He took her hand in both of his. “It doesn’t, Kira, if . . .”
“Well, then, it doesn’t. Give me your phone number and address, so I can call you, because we . . . we won’t meet here . . . any more. We’re such good friends that—isn’t it funny?—I’ve never even known your address. All’s for the best. Maybe . . . maybe we’ll be better friends now.”
When she came home, Leo was sprawled across the bed, and he didn’t get up. He looked at her and laughed. He laughed dryly, monotonously, senselessly.
She stood still, looking at him.
“Thrown out?” he asked, rising on a wavering elbow, his hair falling over his face. “Don’t have to tell me. I know. You’re kicked out. Like a dog. So am I. Like two dogs. Congratulations, Kira Alexandrovna. Hearty proletarian congratulations!”

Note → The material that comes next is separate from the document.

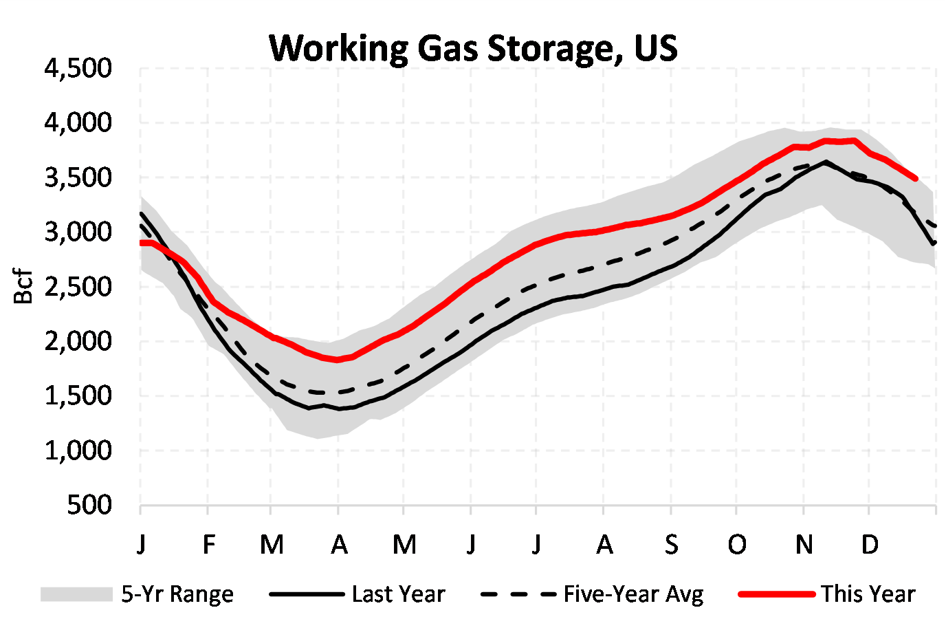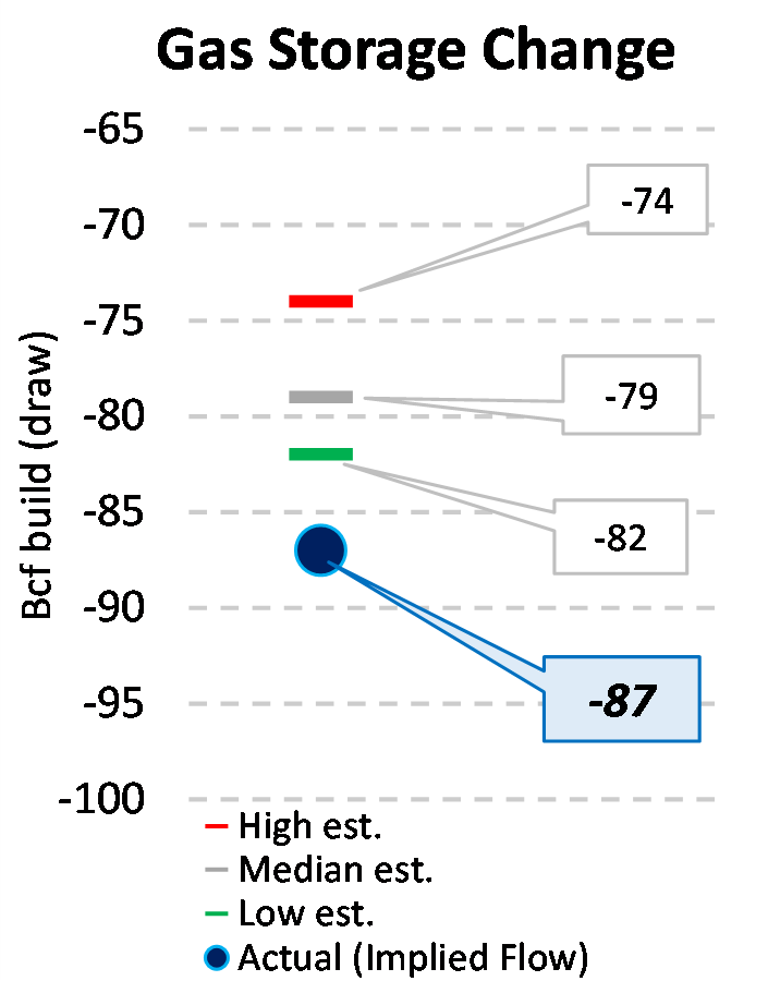 EIA reported a draw of -87 Bcf for the week ending 12/22/2023. This was larger than the median estimate of -79 Bcf. Today's stat fell outside the expected range, which was -74 Bcf on the more bearish end, and -82 Bcf on the more bullish end.

“Leo, you’ve . . . you’ve been drinking!”
“Sure. To celebrate. All of us did. Dozens and dozens of us at the University.
A toast to the Dictatorship of the Proletariat. . . . Many toasts to the Dictatorship of the Proletariat. . . . Don’t stare at me like that. . . . It’s a good old custom to drink at births, and weddings, and funerals. . . . Well, we weren’t born together, Comrade Argounova. . . . And we’ve never had a wedding, Comrade Argounova. . . . But we might yet see the other. . . . We might . . . yet . . . the other . . . Kira. . . .”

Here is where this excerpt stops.